### Try it
All records below are to be set down precisely as written, excluding pictures.

### Records excerpted from a collection
____________________

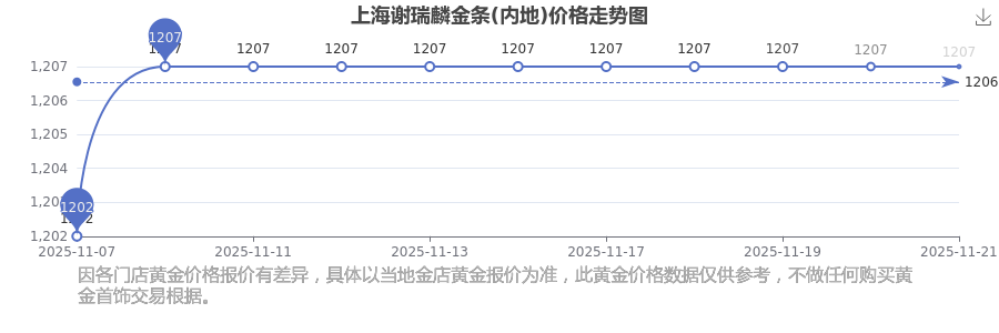 今日上海谢瑞麟金条(内地)价格最新为:1207.0元/克。
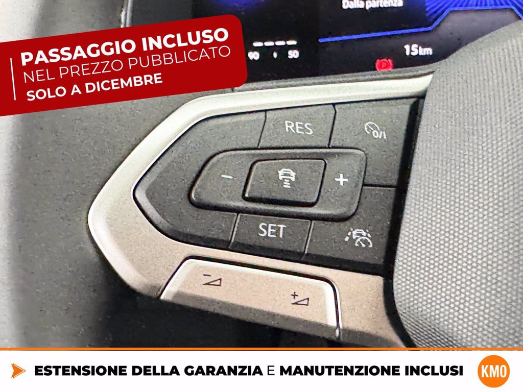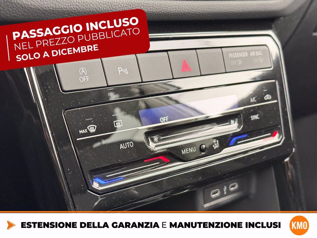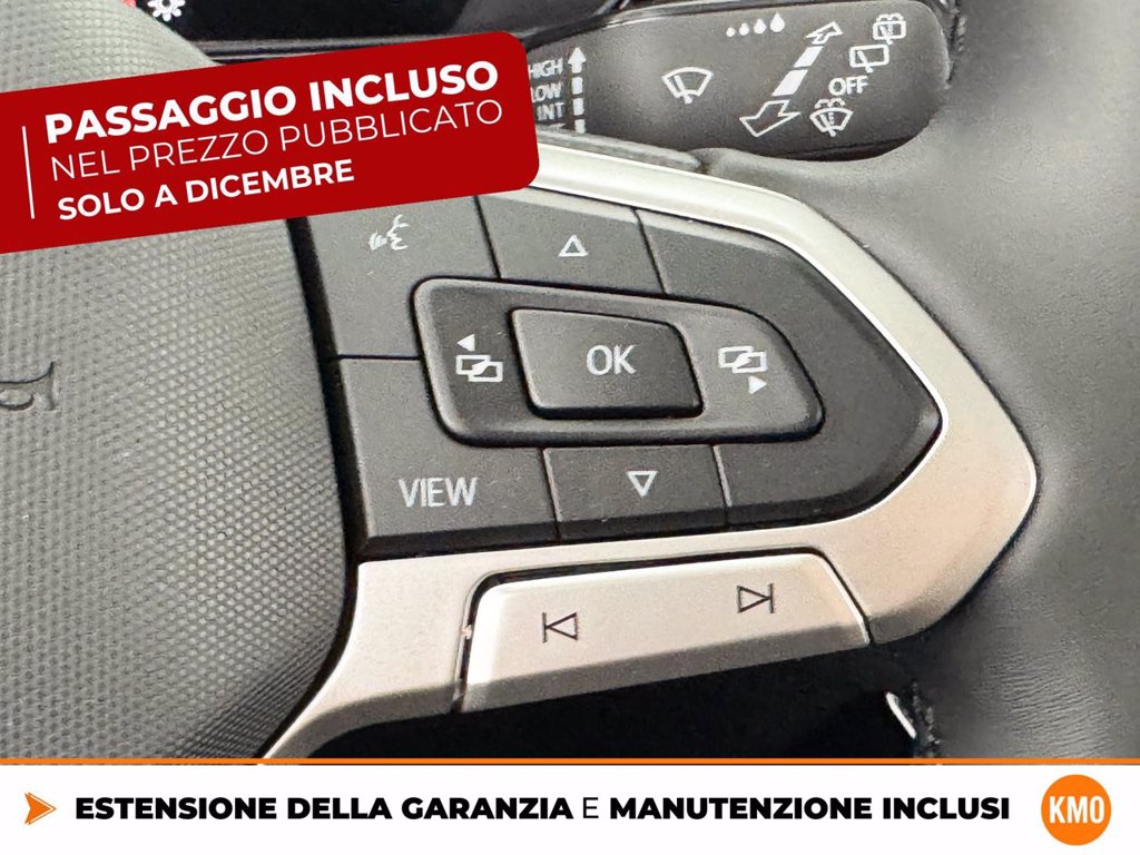 Cerchi in lega Manila 6,5 J x 17 Black con superficie diamantata Chiusura centralizzata Keyless-Entry senza dispositivo di sicurezza Safe Climatronic Air Care Climatronic con regolazione a 2 zone e filtro Codice Interno Cristalli posteriori e lunotto oscurati Edition Plus IQ.Drive Pack Light & Vision Pack Plus Radio Ready 2 Discover Ready for We Connect e We Connect Plus o VW Connect e VW Connect Plus Ruota di scorta Supplemento colore speciale e/o metallizzato TECH PACK Videocamera per retromarcia Rear view Volkswagen Extra Time 2 anni fino a 80.000 km
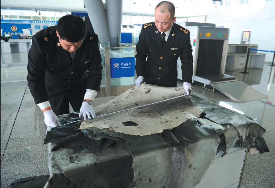多地曾发生过和斑海豹有关的案件,图为2015年11月30日,乌鲁木齐机场海关工作人员查获斑海豹皮。资料图片/视觉中国
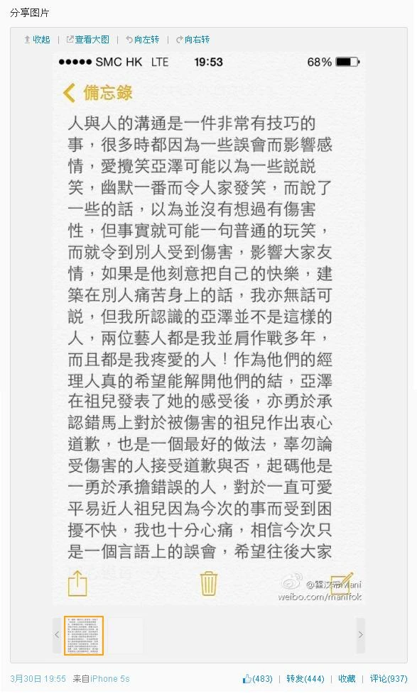 如果是他刻意把自己的快樂,建築在別人痛苦身上的話,我亦無話可說,但我所認識的亞澤並不是這樣的人,兩位藝人都是我並肩作戰多年,而且都是我疼愛的人!作為他們的經理人真的希望解開他們的結,亞澤在祖兒發表了她的感受後,亦勇於承認錯馬上對於被傷害的祖兒作出衷心道歉,也是一個最好的做法,辜勿論受傷害的人接受道歉與否,起碼他是一勇於承擔錯誤的人,對於一直可愛平易近人祖兒因為今次的事而受到困擾不快,我也十分心痛,相信今次只是一個言語上的誤會,希望往後大家開心過每一天。
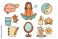 • Set of mental health and wellness icons. Mindfulness, meditation and self care concept. Yoga, relax, journaling, balance and positive thinking. Vector cartoon illustration pack.
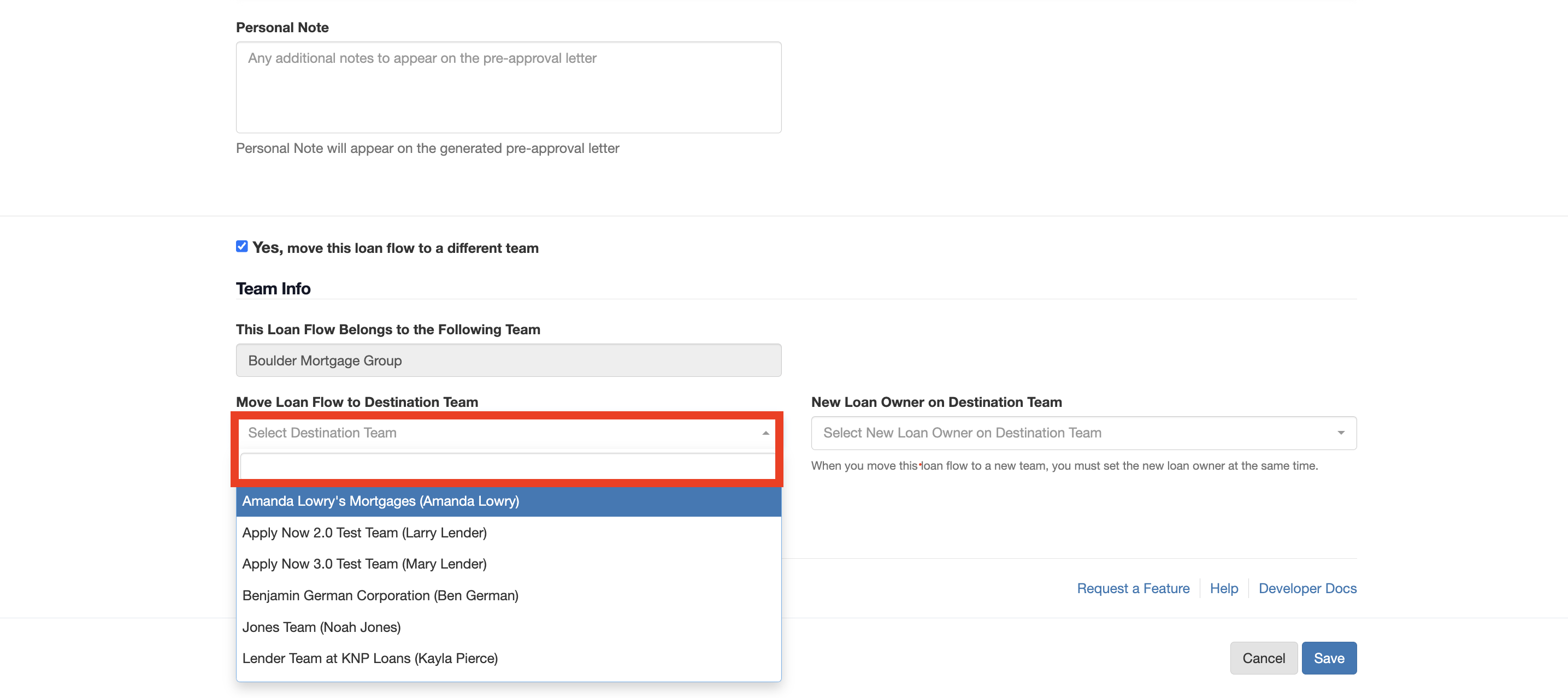 You will see two drop-down menus; one with the team names in your company to select a destination team, and one with the individual users on that team to select a loan owner. Choose the desired options from the searchable drop-down menus.
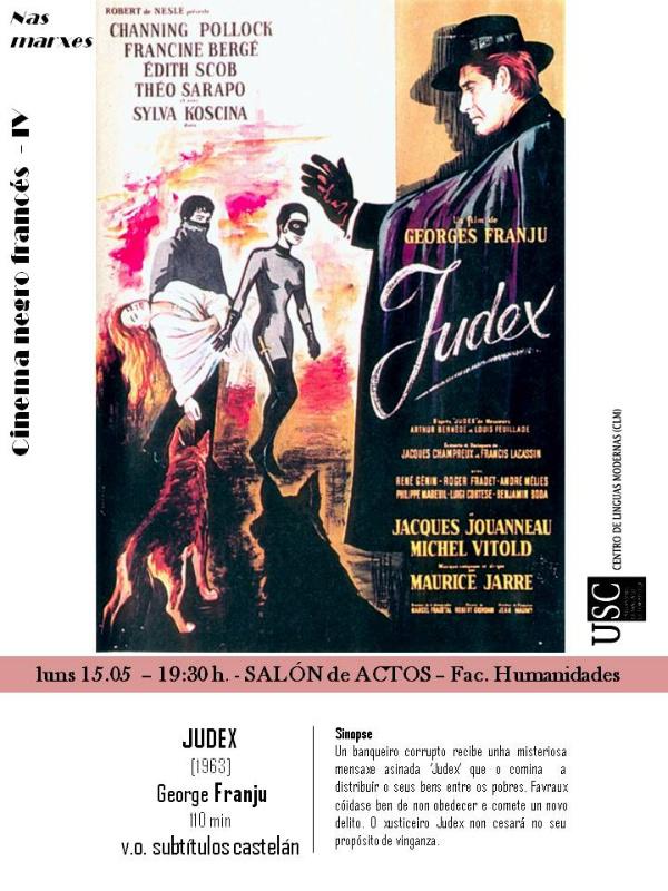 A terceira das proxeccións programadas na cuarta edición do ciclo de cinema negro francés, responde a un filme de intriga cuxo fío condutor xira arredor dun xusticeiro que esixe ás persoas que reciben unha mensaxe coa palabra ‘Judex’ o reparto de todos os seus bens e propiedades .

____________________

### Solved problem
 今日上海谢瑞麟金条(内地)价格最新为:1207.0元/克。
 Cerchi in lega Manila 6,5 J x 17 Black con superficie diamantata Chiusura centralizzata Keyless-Entry senza dispositivo di sicurezza Safe Climatronic Air Care Climatronic con regolazione a 2 zone e filtro Codice Interno Cristalli posteriori e lunotto oscurati Edition Plus IQ.Drive Pack Light & Vision Pack Plus Radio Ready 2 Discover Ready for We Connect e We Connect Plus o VW Connect e VW Connect Plus Ruota di scorta Supplemento colore speciale e/o metallizzato TECH PACK Videocamera per retromarcia Rear view Volkswagen Extra Time 2 anni fino a 80.000 km
多地曾发生过和斑海豹有关的案件,图为2015年11月30日,乌鲁木齐机场海关工作人员查获斑海豹皮。资料图片/视觉中国
 如果是他刻意把自己的快樂,建築在別人痛苦身上的話,我亦無話可說,但我所認識的亞澤並不是這樣的人,兩位藝人都是我並肩作戰多年,而且都是我疼愛的人!作為他們的經理人真的希望解開他們的結,亞澤在祖兒發表了她的感受後,亦勇於承認錯馬上對於被傷害的祖兒作出衷心道歉,也是一個最好的做法,辜勿論受傷害的人接受道歉與否,起碼他是一勇於承擔錯誤的人,對於一直可愛平易近人祖兒因為今次的事而受到困擾不快,我也十分心痛,相信今次只是一個言語上的誤會,希望往後大家開心過每一天。
 • Set of mental health and wellness icons. Mindfulness, meditation and self care concept. Yoga, relax, journaling, balance and positive thinking. Vector cartoon illustration pack.
 You will see two drop-down menus; one with the team names in your company to select a destination team, and one with the individual users on that team to select a loan owner. Choose the desired options from the searchable drop-down menus.
 A terceira das proxeccións programadas na cuarta edición do ciclo de cinema negro francés, responde a un filme de intriga cuxo fío condutor xira arredor dun xusticeiro que esixe ás persoas que reciben unha mensaxe coa palabra ‘Judex’ o reparto de todos os seus bens e propiedades .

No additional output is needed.